In your copy, leave out the pictures and repeat every record exactly.
○ ○ ○ ○ ○ ○ ○
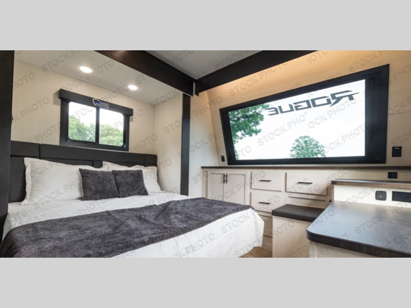 Every one of these Forest River Vengeance Rogue Armored travel trailer toy haulers come with the features you want most at an affordable price tag! The DuraPoxy gas/oil resistant floor has 5,000 lb. tie downs to ensure your toys will arrive safely without damaging the flooring, plus the 3,000 lb. rated ramp door makes it easy to load them. A 15,000 BTU A/C will keep you cool even on the hottest summer days, and there are heated enclosed holding tanks with 12V heat pads on every tank for added protection. Each model includes a fuel station with a digital readout, a ramp door patio system, a tire pressure monitoring system, and many more stand-out features. Inside, you'll find zebra shades in the living room, multiple USB charging stations, a multi-functional kitchen sink, glass shower doors, and many more comforts!
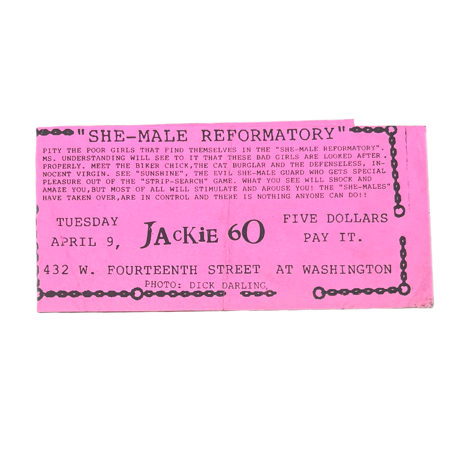 Sold OutVintage Jackie 60 NYC "She-Male Reformatory" Flyer Invite
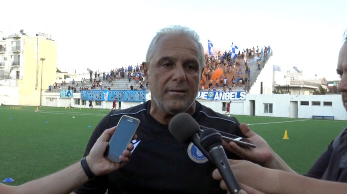 Μια καινούρια χρονιά με πολλή αισιοδοξία. Όλο αυτό είναι υπέροχο (η παρουσία των φιλάθλων) Ευχαριστούμε τον κόσμο που ήρθε στην πρώτη να μας στηρίξει. Δείχνει ξεκάθαρα ότι θα είναι κοντά μας. Με βάση την περυσινή χρονιά, ξεκινάμε μια χρονιά στην οποία δεν ξέρουμε ακόμη τι θα βρούμε μπροστά μας. Η κατηγορία έχει πρόβλημα . Δεν ξέρουμε ποιες ομάδες θα συμμετέχουν. Αυτά είναι πράγματα που πρέπει να τα ξεπεράσουμε και να κάνουμε ένα κύκλο προπονήσεων, ούτως ώστε όταν ξεκινήσουμε να είμαστε όπως πρέπει. Ας ευχηθούμε τα προβλήματα σ’ αυτή την κατηγορία να τελειώσουν. Να ευχαριστήσω την διοίκηση που έκανε ότι ζήτησα. Πολλοί καλοί παίχτες ήρθαν, πολλά παιδιά κρατήθηκαν από την περυσινή χρονιά . είχαμε μια πολύ καλή βάση. Πετύχαμε μια πολύ καλή θέση. Πιστεύω ότι η φετινή χρονιά θα μας βρει να είμαστε πολύ πιο ψηλά από τη θέση που πετύχαμε . Δεν χρειάζονται μεγάλα λόγια, αλλά σίγουρα είμαστε μια ομάδα που θα διεκδικήσει το καλύτερο δυνατό. Πιο πάνω θέσεις απ΄ότι είχαμε πέρυσι και είμαι σίγουρος με την ενίσχυση και τη βοήθεια όλων να διεκδικήσει μέχρι το τέλος αυτό που πετύχαμε το 2013-14. Ας ευχηθούμε λοιπόν να είμαστε όλοι κοντά στην ομάδα, να υπάρχει συσπείρωση.
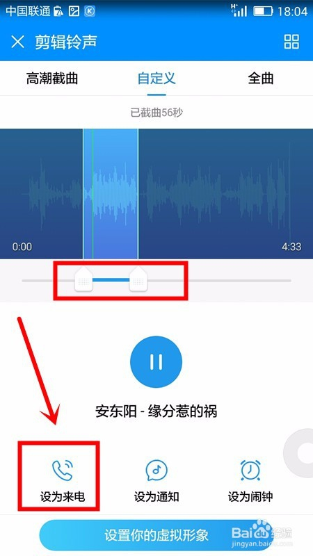 当我们截取好本身想要的部门歌曲后,我们想要设置该片段歌曲为来电铃声,我们就选择页面左下方的设为来电;
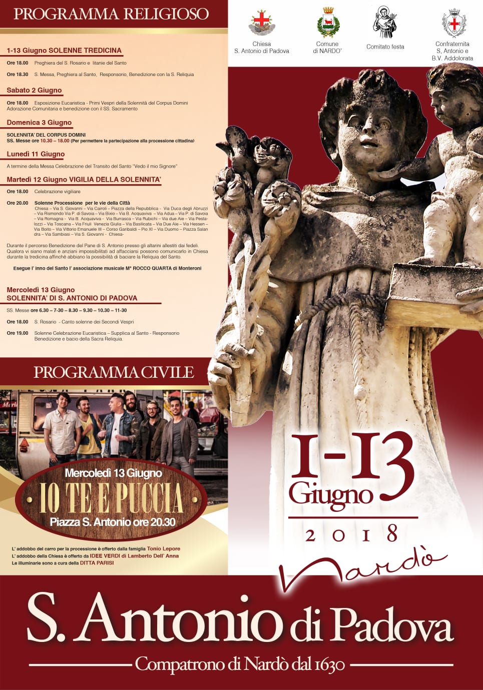 Spettacolo-Cultura Festa di Sant'Antonio da Padova. Il programma scaricabile Stampa NARDO' - Ecco, per voi, il file con tutti gli appuntamenti. La festa sta per arrivare: santantonio.jpg
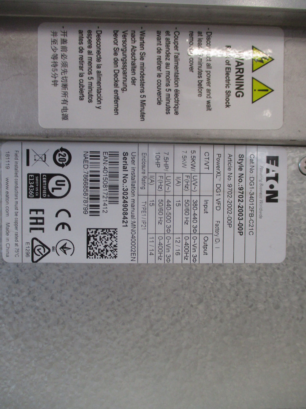 Eaton PowerXL DG1 AC Drive DG1-34012FB-C21C Style#: 9702-2003-00P 10HP 3Ph
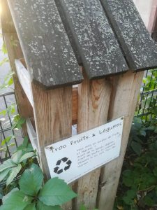 De a legjobb, ez a másik bódé ugyanitt, ezzel a felirattal: “Több zöldsége, gyümölcse van, mint amit elfogyaszt? Mielőtt hagyná megromlani, vagy mielőtt elutazna a hétvégére, tegye le ide, lesznek, akik örülni fognak neki!”
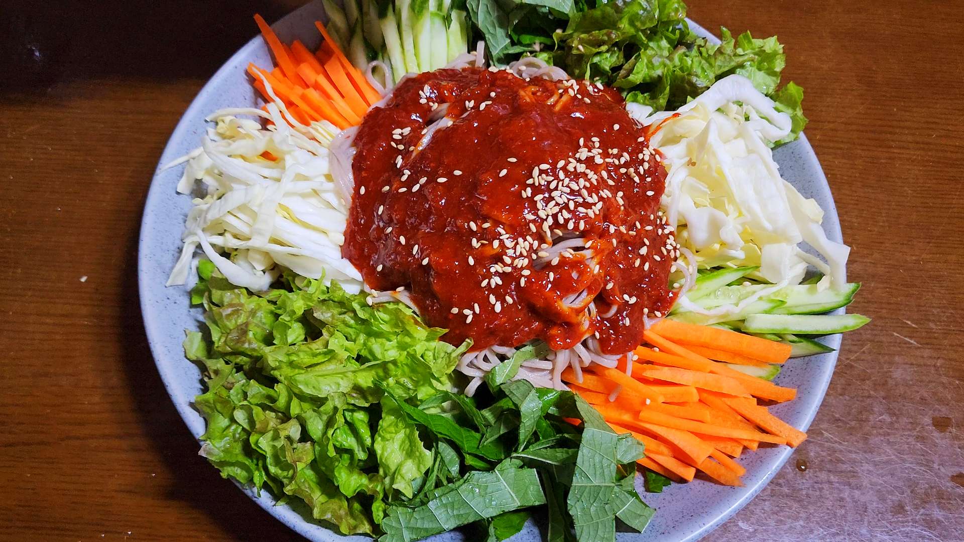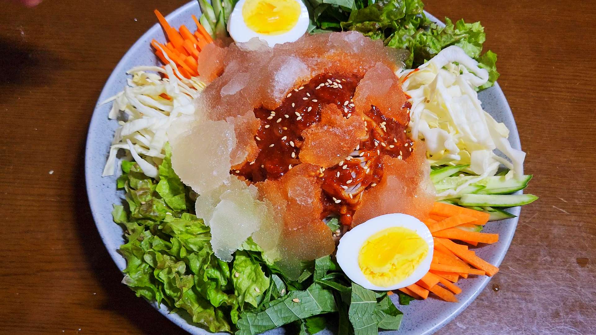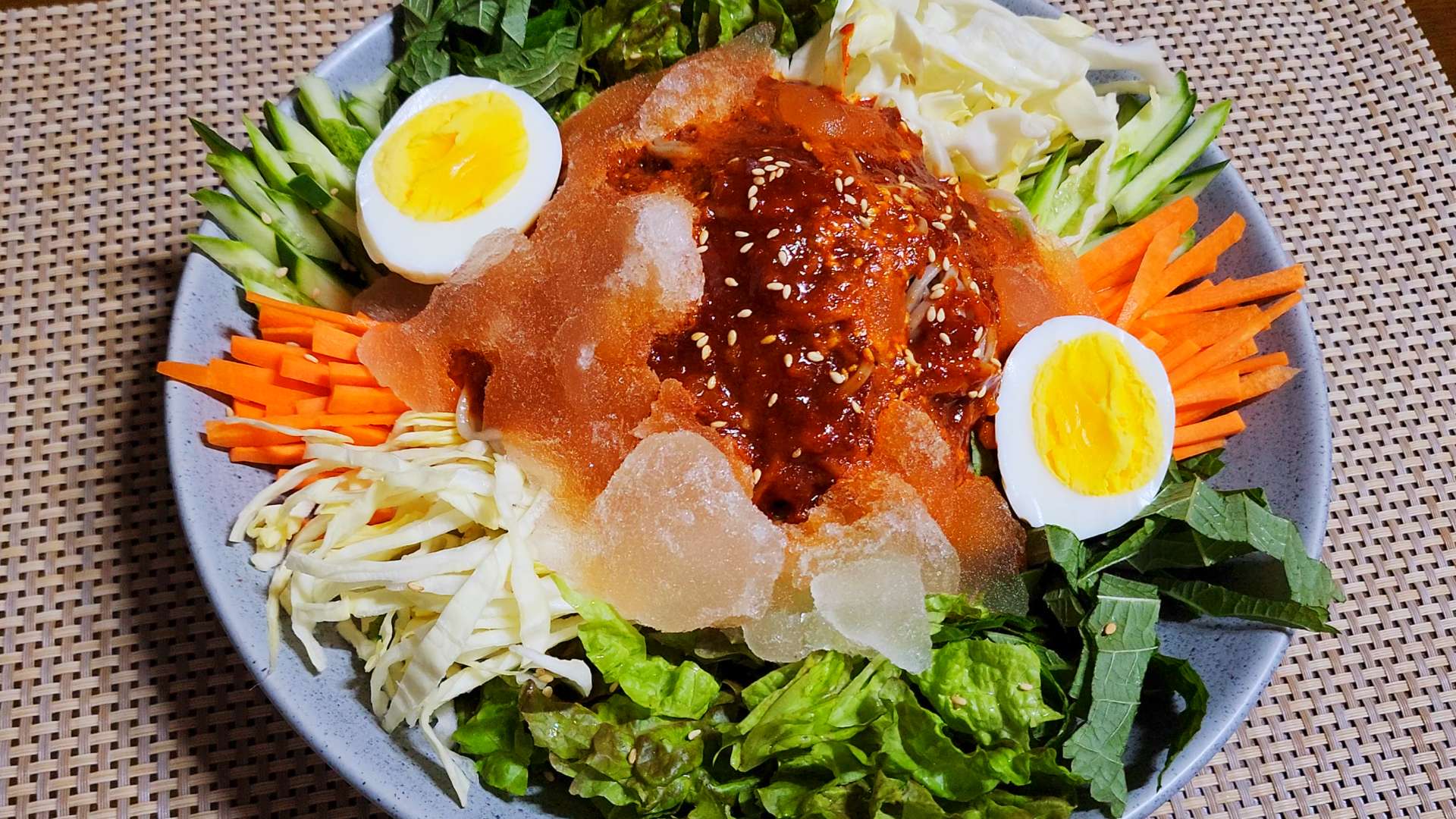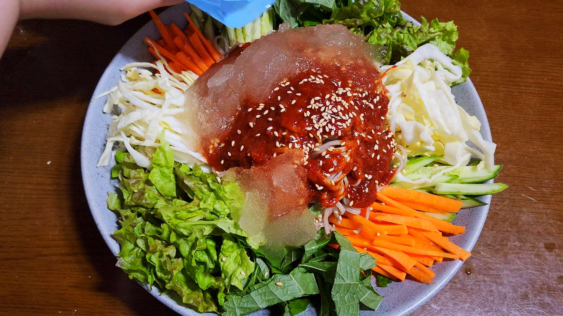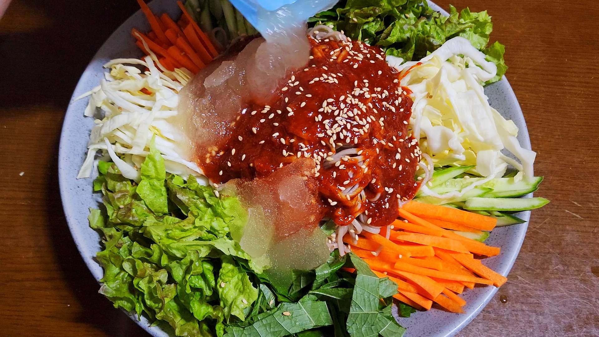 아삭한 야채와 매콤 달콤한 양념, 시원한 육수에 버무려 먹으면 맛있답니다.
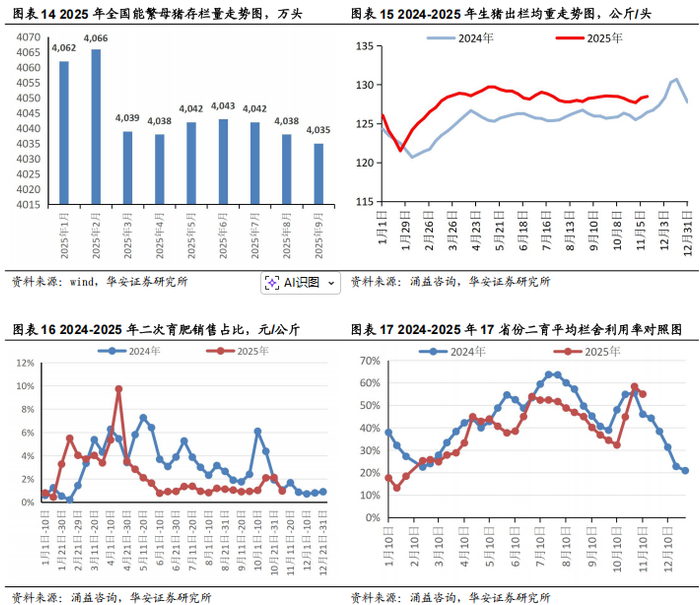 2025年5-8月,发改委释放稳定猪价信号,要求国内大型集团猪企停止增加能繁母猪存栏,出栏体重控制在120kg,且不鼓励二育销售。9月,农业部畜牧兽医局会同国家发改委价格司召开生猪产能调控企业座谈会,主要举措包括:25家头部猪企需于近期上报减产计划,年内减少能繁母猪存栏100万头;各省份也需要调减能繁母猪,省份调减任务与头部企业产能调减任务有重合。本次会议较前几次明显加码。截至9月末,全国能繁母猪存栏量4,035万头,较4月末仅下降3万头,政策影响有望在Q4逐步显现,2025年10月末,能繁母猪存栏量降至4000万头以内。出栏均重持续高于2024年同期,6月以来生猪均重始终稳定在127.69公斤以上;二次育肥销售占比维持相对低位,10-11月17省份平均栏舍利用率出现快速反弹。
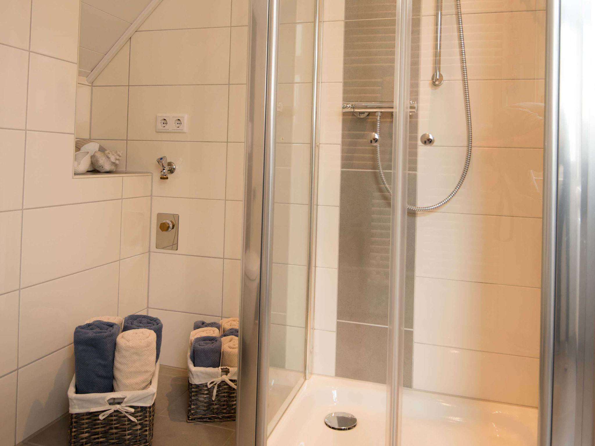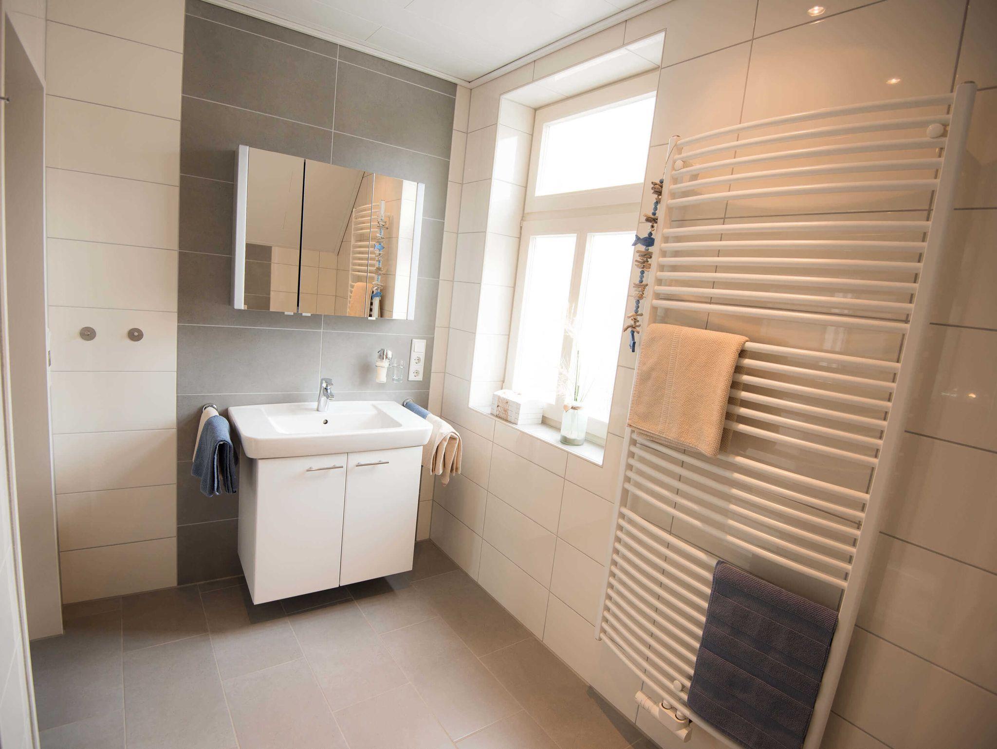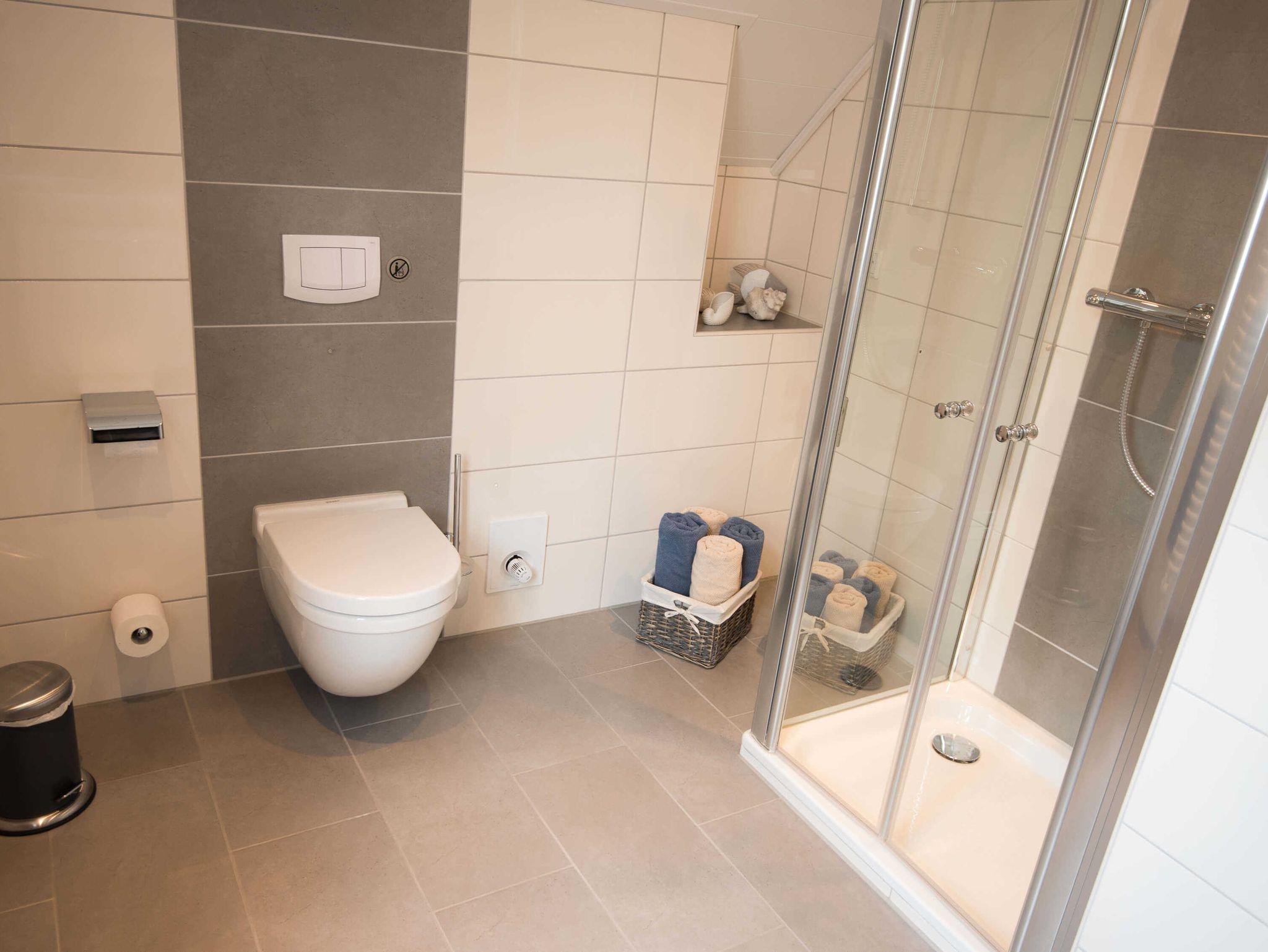 Das moderne Badezimmer verfügt über Dusche/WC, Waschtisch, Handtuchheizkörper und Fußbodenheizung.
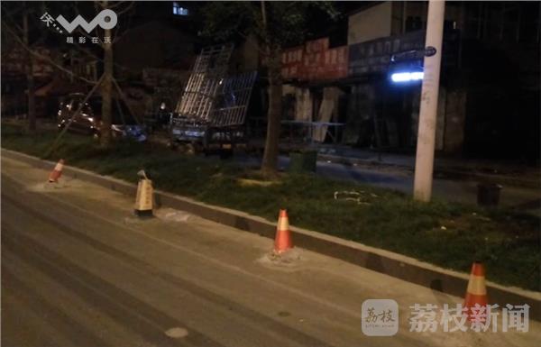 荔枝新闻网友在该路段找到了这几个被厚厚的水泥给固定住的三角锥桶,据附近居民透露,由于很多轿车和货车经常停在这里,商铺店门口被挡住影响生意,因此商家自己设了这些路牌。
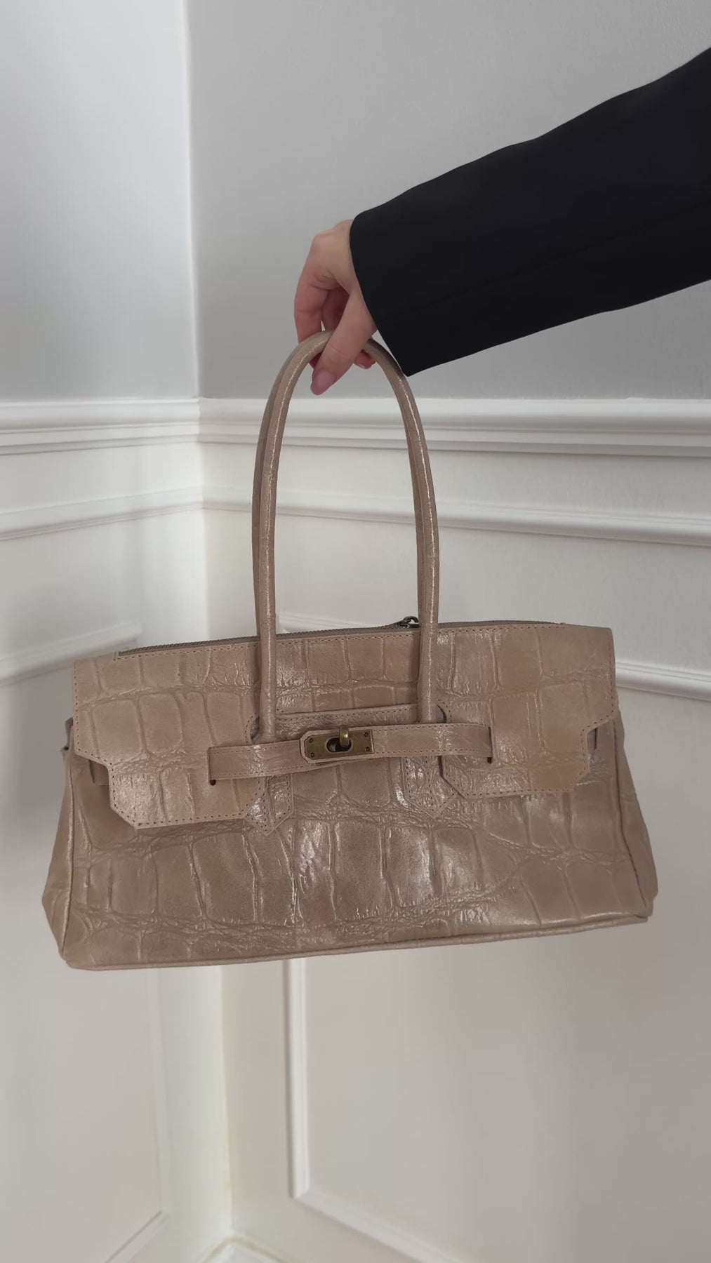 Marina är en elegant och karaktärsfull väska med ett exklusivt uttryck. Den strukturerade designen och den distinkta ytan ger ett sofistikerat utseende som tillför kant och lyx till vilken outfit som helst.
○ ○ ○ ○ ○ ○ ○
> [Reply]:
 Every one of these Forest River Vengeance Rogue Armored travel trailer toy haulers come with the features you want most at an affordable price tag! The DuraPoxy gas/oil resistant floor has 5,000 lb. tie downs to ensure your toys will arrive safely without damaging the flooring, plus the 3,000 lb. rated ramp door makes it easy to load them. A 15,000 BTU A/C will keep you cool even on the hottest summer days, and there are heated enclosed holding tanks with 12V heat pads on every tank for added protection. Each model includes a fuel station with a digital readout, a ramp door patio system, a tire pressure monitoring system, and many more stand-out features. Inside, you'll find zebra shades in the living room, multiple USB charging stations, a multi-functional kitchen sink, glass shower doors, and many more comforts!
 Sold OutVintage Jackie 60 NYC "She-Male Reformatory" Flyer Invite
 Μια καινούρια χρονιά με πολλή αισιοδοξία. Όλο αυτό είναι υπέροχο (η παρουσία των φιλάθλων) Ευχαριστούμε τον κόσμο που ήρθε στην πρώτη να μας στηρίξει. Δείχνει ξεκάθαρα ότι θα είναι κοντά μας. Με βάση την περυσινή χρονιά, ξεκινάμε μια χρονιά στην οποία δεν ξέρουμε ακόμη τι θα βρούμε μπροστά μας. Η κατηγορία έχει πρόβλημα . Δεν ξέρουμε ποιες ομάδες θα συμμετέχουν. Αυτά είναι πράγματα που πρέπει να τα ξεπεράσουμε και να κάνουμε ένα κύκλο προπονήσεων, ούτως ώστε όταν ξεκινήσουμε να είμαστε όπως πρέπει. Ας ευχηθούμε τα προβλήματα σ’ αυτή την κατηγορία να τελειώσουν. Να ευχαριστήσω την διοίκηση που έκανε ότι ζήτησα. Πολλοί καλοί παίχτες ήρθαν, πολλά παιδιά κρατήθηκαν από την περυσινή χρονιά . είχαμε μια πολύ καλή βάση. Πετύχαμε μια πολύ καλή θέση. Πιστεύω ότι η φετινή χρονιά θα μας βρει να είμαστε πολύ πιο ψηλά από τη θέση που πετύχαμε . Δεν χρειάζονται μεγάλα λόγια, αλλά σίγουρα είμαστε μια ομάδα που θα διεκδικήσει το καλύτερο δυνατό. Πιο πάνω θέσεις απ΄ότι είχαμε πέρυσι και είμαι σίγουρος με την ενίσχυση και τη βοήθεια όλων να διεκδικήσει μέχρι το τέλος αυτό που πετύχαμε το 2013-14. Ας ευχηθούμε λοιπόν να είμαστε όλοι κοντά στην ομάδα, να υπάρχει συσπείρωση.
 当我们截取好本身想要的部门歌曲后,我们想要设置该片段歌曲为来电铃声,我们就选择页面左下方的设为来电;
 Spettacolo-Cultura Festa di Sant'Antonio da Padova. Il programma scaricabile Stampa NARDO' - Ecco, per voi, il file con tutti gli appuntamenti. La festa sta per arrivare: santantonio.jpg
 Eaton PowerXL DG1 AC Drive DG1-34012FB-C21C Style#: 9702-2003-00P 10HP 3Ph
 De a legjobb, ez a másik bódé ugyanitt, ezzel a felirattal: “Több zöldsége, gyümölcse van, mint amit elfogyaszt? Mielőtt hagyná megromlani, vagy mielőtt elutazna a hétvégére, tegye le ide, lesznek, akik örülni fognak neki!”
 아삭한 야채와 매콤 달콤한 양념, 시원한 육수에 버무려 먹으면 맛있답니다.
 2025年5-8月,发改委释放稳定猪价信号,要求国内大型集团猪企停止增加能繁母猪存栏,出栏体重控制在120kg,且不鼓励二育销售。9月,农业部畜牧兽医局会同国家发改委价格司召开生猪产能调控企业座谈会,主要举措包括:25家头部猪企需于近期上报减产计划,年内减少能繁母猪存栏100万头;各省份也需要调减能繁母猪,省份调减任务与头部企业产能调减任务有重合。本次会议较前几次明显加码。截至9月末,全国能繁母猪存栏量4,035万头,较4月末仅下降3万头,政策影响有望在Q4逐步显现,2025年10月末,能繁母猪存栏量降至4000万头以内。出栏均重持续高于2024年同期,6月以来生猪均重始终稳定在127.69公斤以上;二次育肥销售占比维持相对低位,10-11月17省份平均栏舍利用率出现快速反弹。
 Das moderne Badezimmer verfügt über Dusche/WC, Waschtisch, Handtuchheizkörper und Fußbodenheizung.
 荔枝新闻网友在该路段找到了这几个被厚厚的水泥给固定住的三角锥桶,据附近居民透露,由于很多轿车和货车经常停在这里,商铺店门口被挡住影响生意,因此商家自己设了这些路牌。
 Marina är en elegant och karaktärsfull väska med ett exklusivt uttryck. Den strukturerade designen och den distinkta ytan ger ett sofistikerat utseende som tillför kant och lyx till vilken outfit som helst.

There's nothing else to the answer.